Continuous product evolution stands at the forefront of what it means to manufacture specialty chemicals. There’s no rest for the plant or lab when regulations, application systems, or market expectations shift year by year. We invest in new BIT grades—higher purity, lower residual solvents, co-formulations with milder auxiliary preservatives, improved packaging to reduce drum waste and risk of spillage. Each upgrade follows real-world trials, not just desk reviews or pilot plant simulations.

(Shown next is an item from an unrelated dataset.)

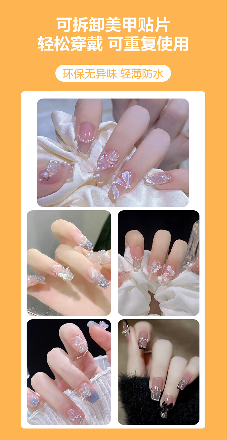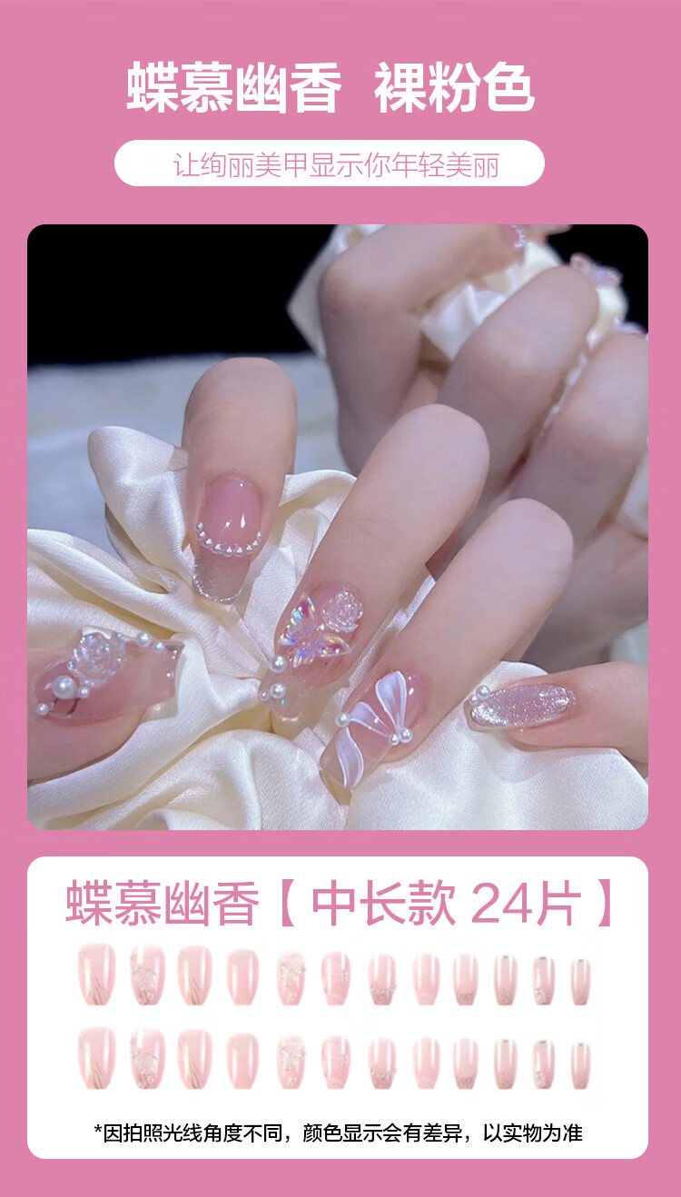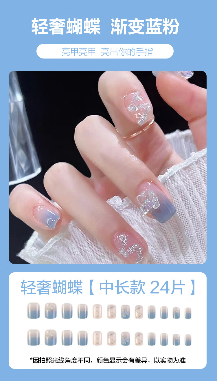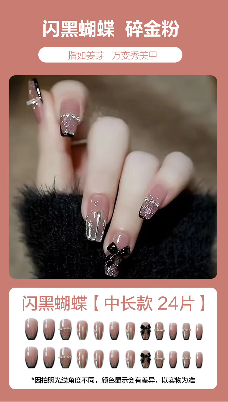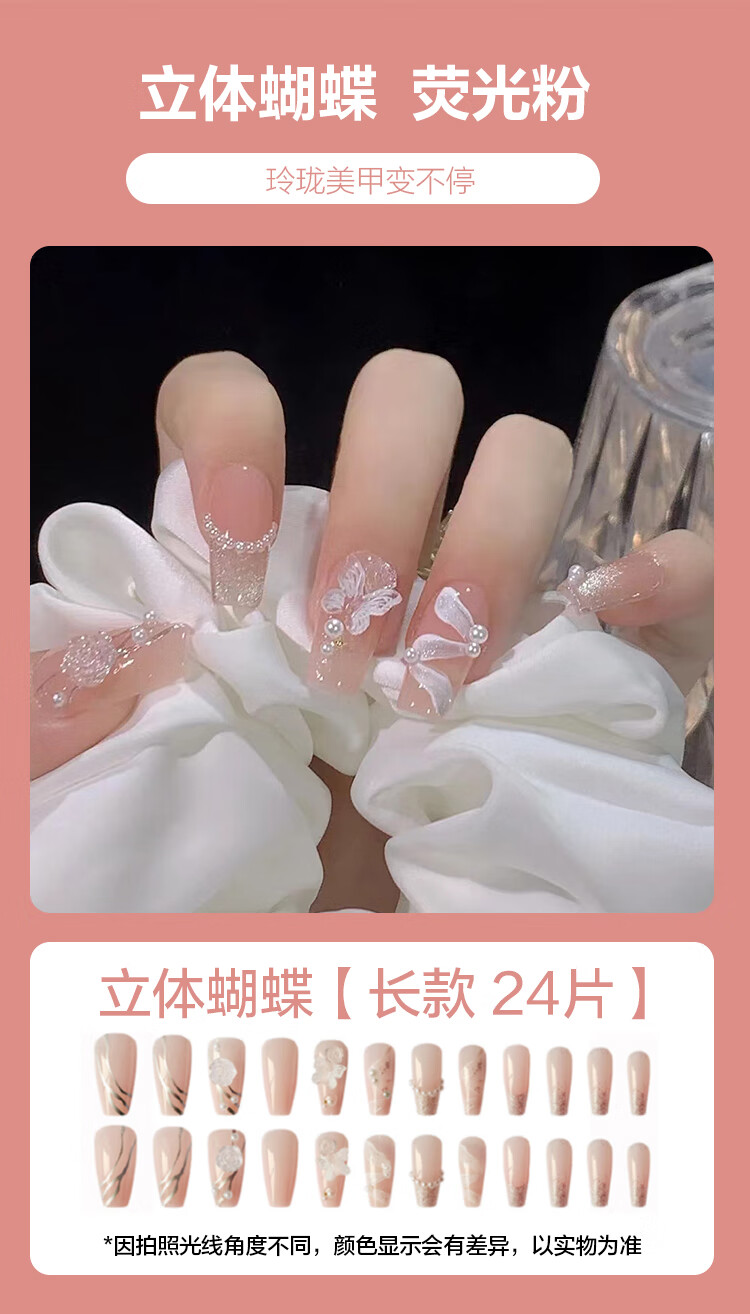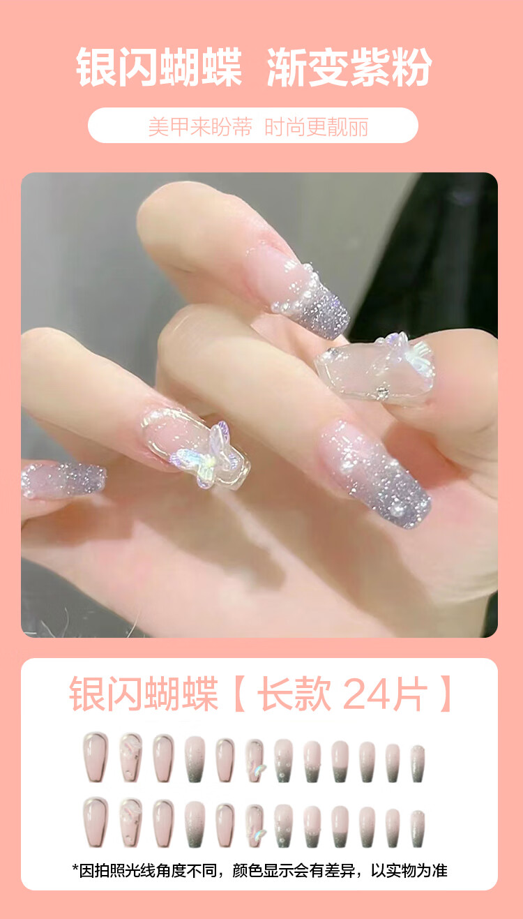 穿戴甲春夏2024年新款高级感短款中长ins风甲片孕妇用成品多巴胺 P139银闪蝴蝶【长款】 24片

Digitalization in production allows us to track BIT lifecycle data better—where and how long each batch sees storage, usage date and temperature, and real-time tank-side concentration measurements. This transparency supports rapid troubleshooting, keeps batch consistency strong, and lets us share data with customers in formats aligned with quality audits or traceability demands from regulators and enterprise clients.
Expanding into new markets, like specialized ink systems, water treatment, or high performance textile coatings, we work closely with our customers to ensure BIT meets new proof points. Field visits, not just phone support, let our team collect real feedback on performance, user experience, and unplanned interactions with other process chemicals or machinery.
Because we make BIT ourselves, our technical support doesn’t end at the factory gates. We keep engineers, production managers, and regulatory teams in the loop, addressing issues head on—whether a summer heatwave throws off tank stability in a warehouse, or a government compliance audit shifts allowable preservative levels with little warning.
BIT earns its place in our product line not just for a technical win, but from years of tough field experience, regulatory navigation, and hands-on interaction with real plant users. Whether in a fresh batch of white emulsion paint, a high-contact construction adhesive, or a sensitive sealant exposed to variable climate, Biocide BIT proves that direct manufacturing insight and commitment to trust shape the future of reliable industrial protection. For every facility looking for clear, honest answers—and real reduction in headaches from microbial contamination—BIT brings tomorrow’s solution into today’s toolbox.